### Given data
******************************

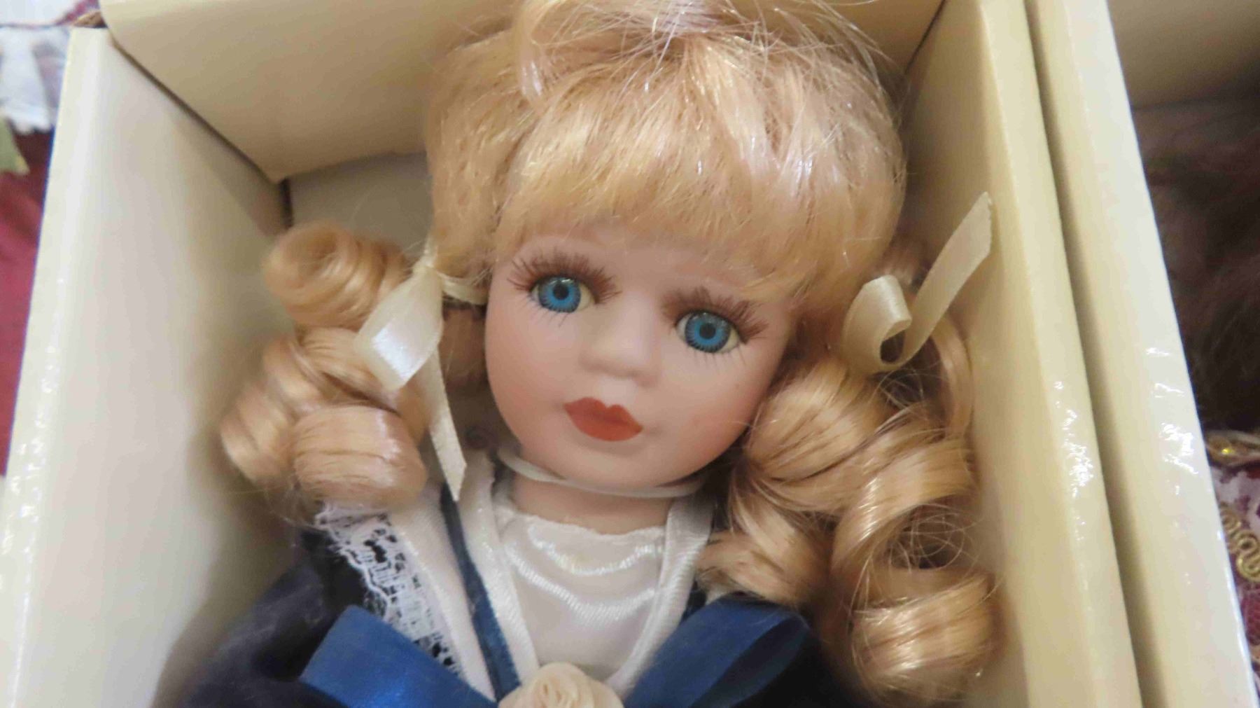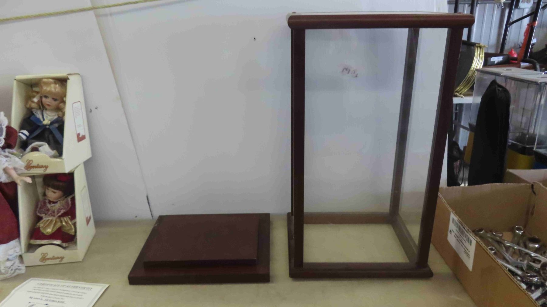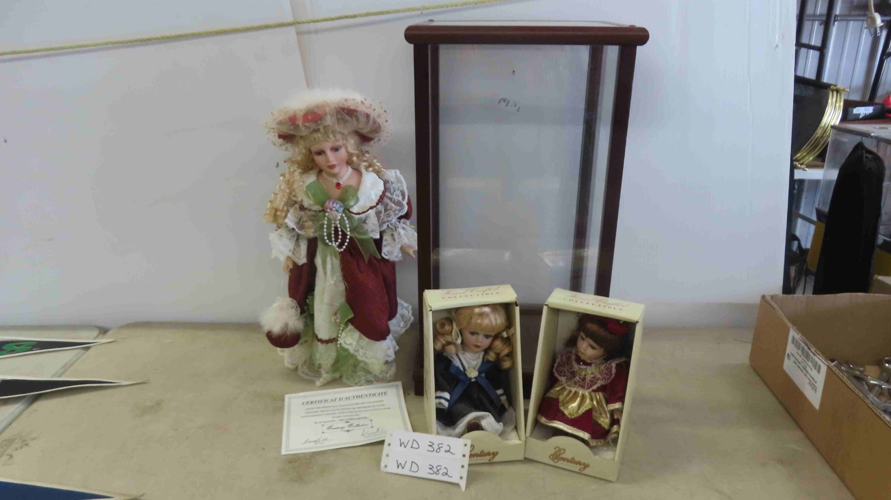 New Old Stock 3 Collector Dolls , Wood Display Case 10 1/4'' x 8 3/4'' x 20''
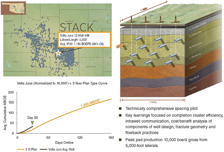 “The Velta June is one of eight pilots that we have done so far,” he says. “Most have been 10 wells, but the Velta June was 12-well spacing. Newfield now has completed 80 infill wells in STACK, and has tested four-12 wells a section in the Meramec horizon.”
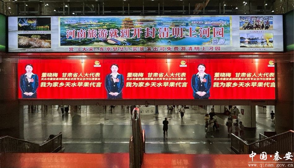 近日,一段由甘肃省人大代表、天水市秦安县领鲜果业农民专业合作社理事长董晓梅代言的秦安苹果宣传视频,正式亮相北京西站核心区域大屏,向南来北往的游客展示秦安苹果的独特魅力,标志着秦安苹果成功打破地域壁垒,借力国家级交通枢纽平台,向全国市场强势发声。

******************************

### Exercise objective
Images stay out, but the rest of the data above must be repeated exactly.

### Written response
 New Old Stock 3 Collector Dolls , Wood Display Case 10 1/4'' x 8 3/4'' x 20''
 “The Velta June is one of eight pilots that we have done so far,” he says. “Most have been 10 wells, but the Velta June was 12-well spacing. Newfield now has completed 80 infill wells in STACK, and has tested four-12 wells a section in the Meramec horizon.”
 近日,一段由甘肃省人大代表、天水市秦安县领鲜果业农民专业合作社理事长董晓梅代言的秦安苹果宣传视频,正式亮相北京西站核心区域大屏,向南来北往的游客展示秦安苹果的独特魅力,标志着秦安苹果成功打破地域壁垒,借力国家级交通枢纽平台,向全国市场强势发声。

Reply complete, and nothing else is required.